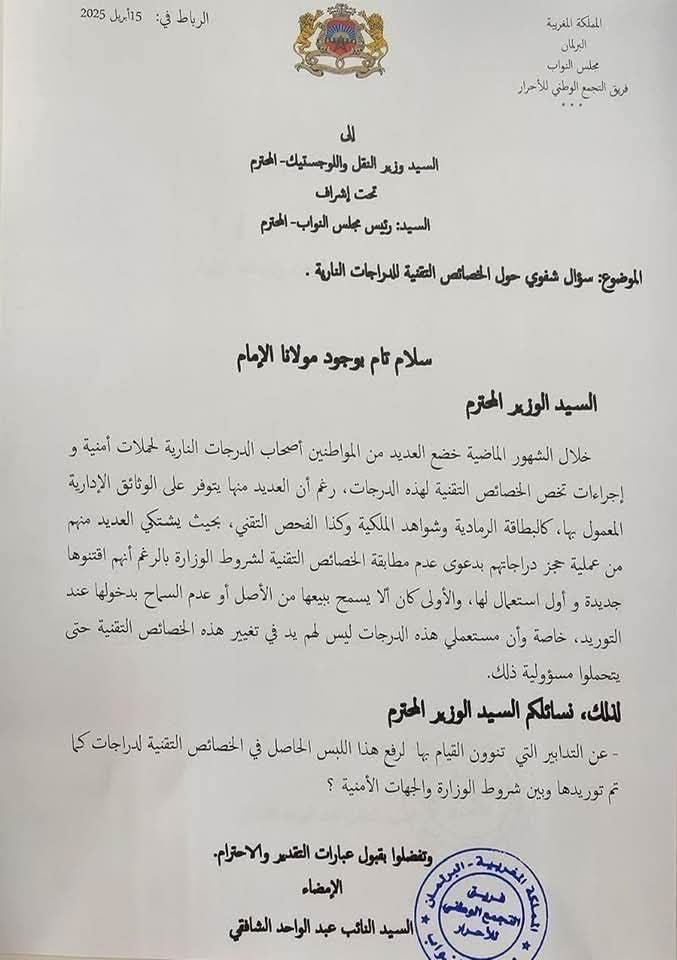 وفي هذا الإطار تبين أن عبد الواحد الشافقي البرلماني عن مقاطعة المنارة سبق أن تقدم بسؤال شفوي، خلال شهر أبريل الماضي، إلى وزير النقل واللوجستيك بخصوص الخصائص التقنية للدراجات النارية .
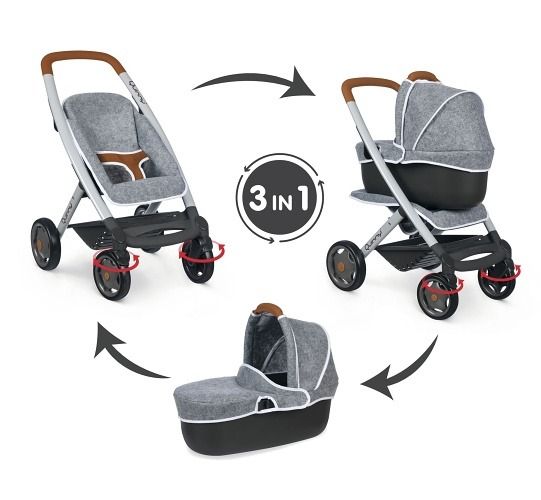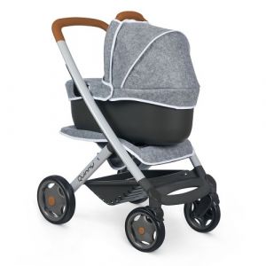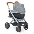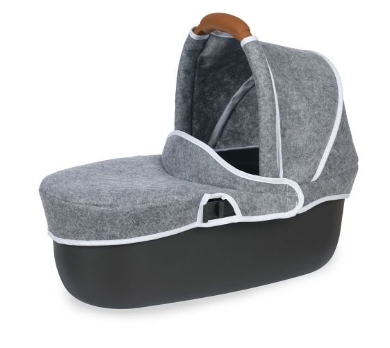 Elegantní kombinovaný kočárek pro panenky s šedým textilním potahem z moderního plstěného materiálu je skutečným trendem! S odnímatelným košíkem. Nasazením korbičky získáte kočárek hluboký nebo lze používat jen jako sportovní kočárek. Korbičku lze použít také samostatně. Výška k ergonomické rukojeti je 65 cm. Předení kolečka otočná, kolečka s protihlukovou vrstvou. Průměr koleček 15,5 cm a 12,5 cm. Pro panenky do velikosti 42 cm, není součástí.
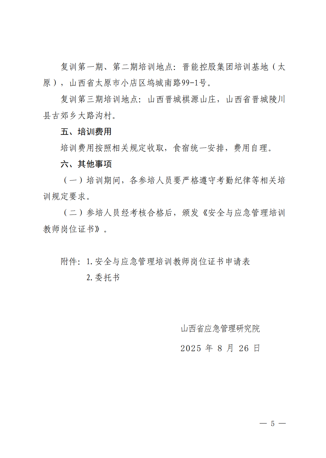 关于举办2025年晋能控股集团所属企业安全与应急管理培训教师培训班的通知
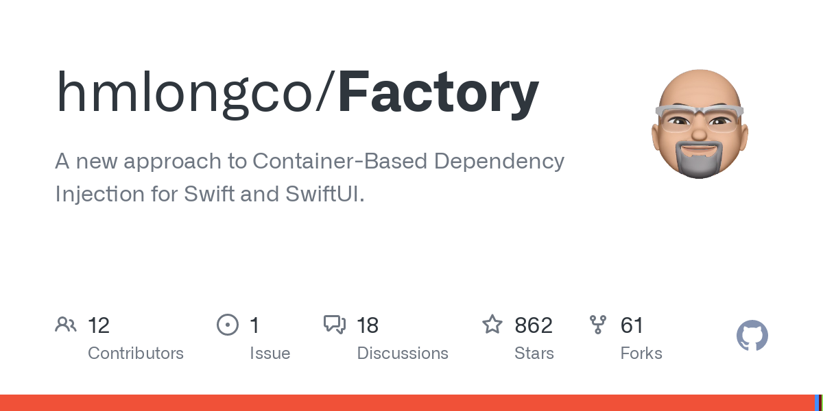A new approach to Container-Based Dependency Injection for Swift and SwiftUI. - GitHub - hmlongco/Factory: A new approach to Container-Based Dependency Injection for Swift and SwiftUI.
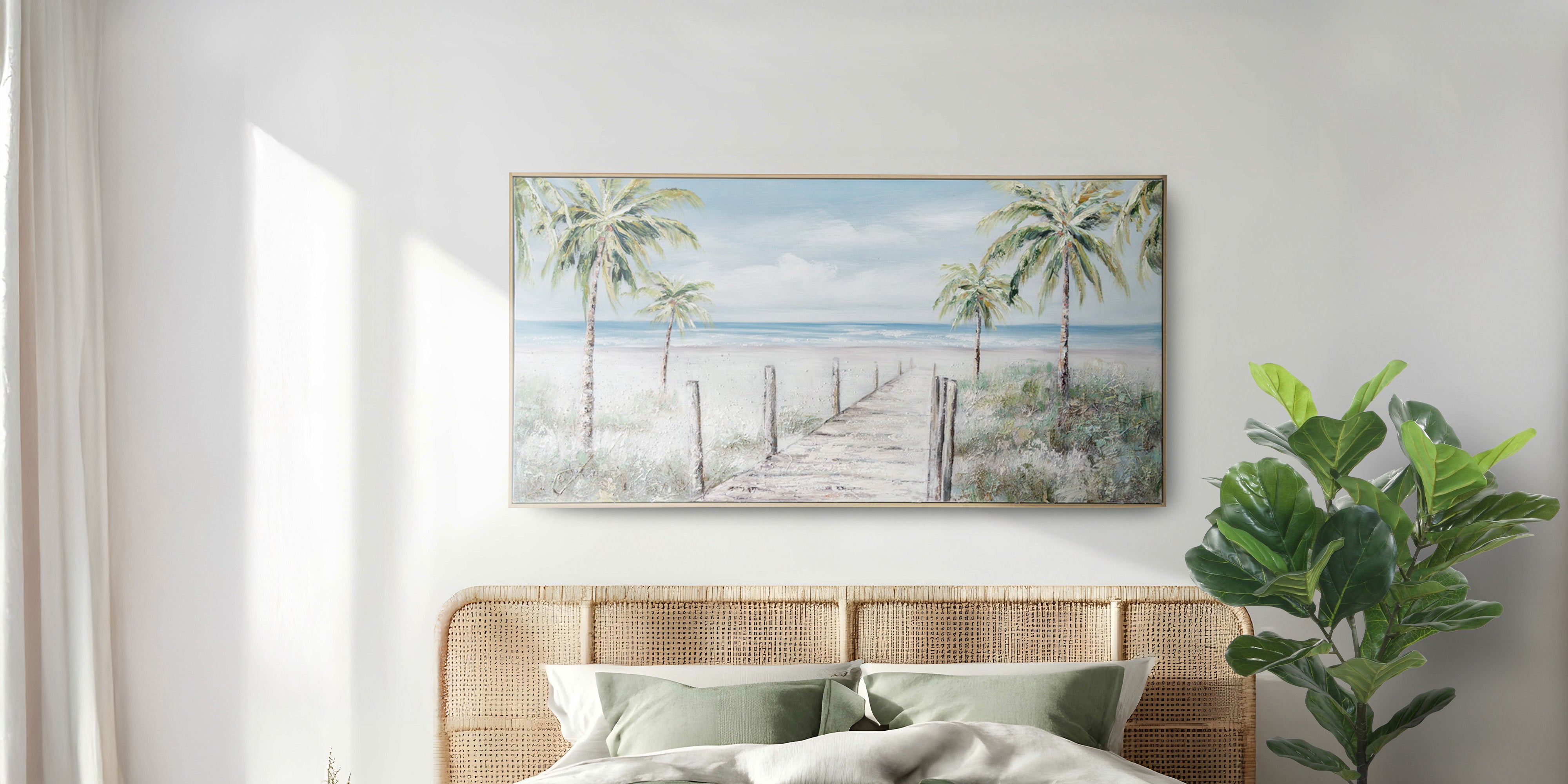 Introducing the Urban Style Brushmarks Oil Painting, featuring a hand painted canvas on a sturdy timber support frame. The 3D textured oil painting adds depth and dimension to the palm tree boardwalk perfectly. The wood look plastic décor box frame is expertly fitted around the stretch canvas painting to further add a level of depth and complexity to your art piece. Elevate your space with this unique and expertly crafted piece.
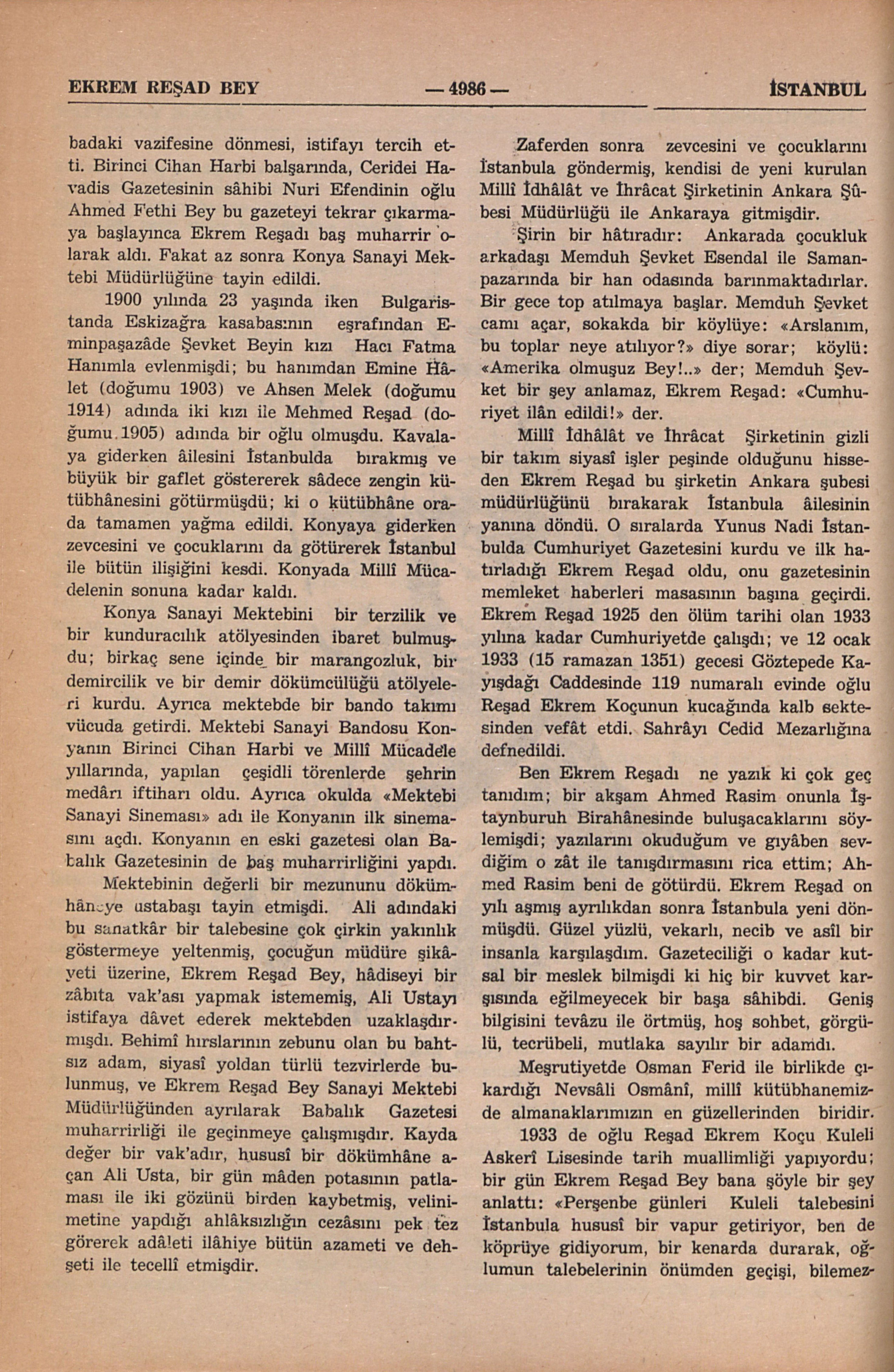 “. . . kalemimi onun için her ele alışımda, aşkım sel gibi iniyor, yazacak yerde ağlıyorum. Ne güzelliğinin, ne fazîletlerinin, ne de iffet ve nâmusunun, ve ne ilmü irfânının vârisi olabildim. Dünyâ misafirliğinde onu övündürecek bir şeyler yapabildim diyemem, her an aczimi idrâk edişim belki rûhunu şâd eder. İstanbul Ansiklopedisini tüm olarak adına ithaf ettiğim babam Ekrem Reşad Beyin hal tercemesini senin kalemine emânet ediyorum. 3 marta 1944. R. E. Koçu”.

**Your instructions**
Copy the entries above exactly, but only the stretch from the line containing "关于举办2025年晋能控股集团所属企业安全与应急管理培训教师培训班的通知" through the line containing "Introducing the Urban". Keep both end lines; drop the pictures.

**Result**
 关于举办2025年晋能控股集团所属企业安全与应急管理培训教师培训班的通知
A new approach to Container-Based Dependency Injection for Swift and SwiftUI. - GitHub - hmlongco/Factory: A new approach to Container-Based Dependency Injection for Swift and SwiftUI.
 Introducing the Urban Style Brushmarks Oil Painting, featuring a hand painted canvas on a sturdy timber support frame. The 3D textured oil painting adds depth and dimension to the palm tree boardwalk perfectly. The wood look plastic décor box frame is expertly fitted around the stretch canvas painting to further add a level of depth and complexity to your art piece. Elevate your space with this unique and expertly crafted piece.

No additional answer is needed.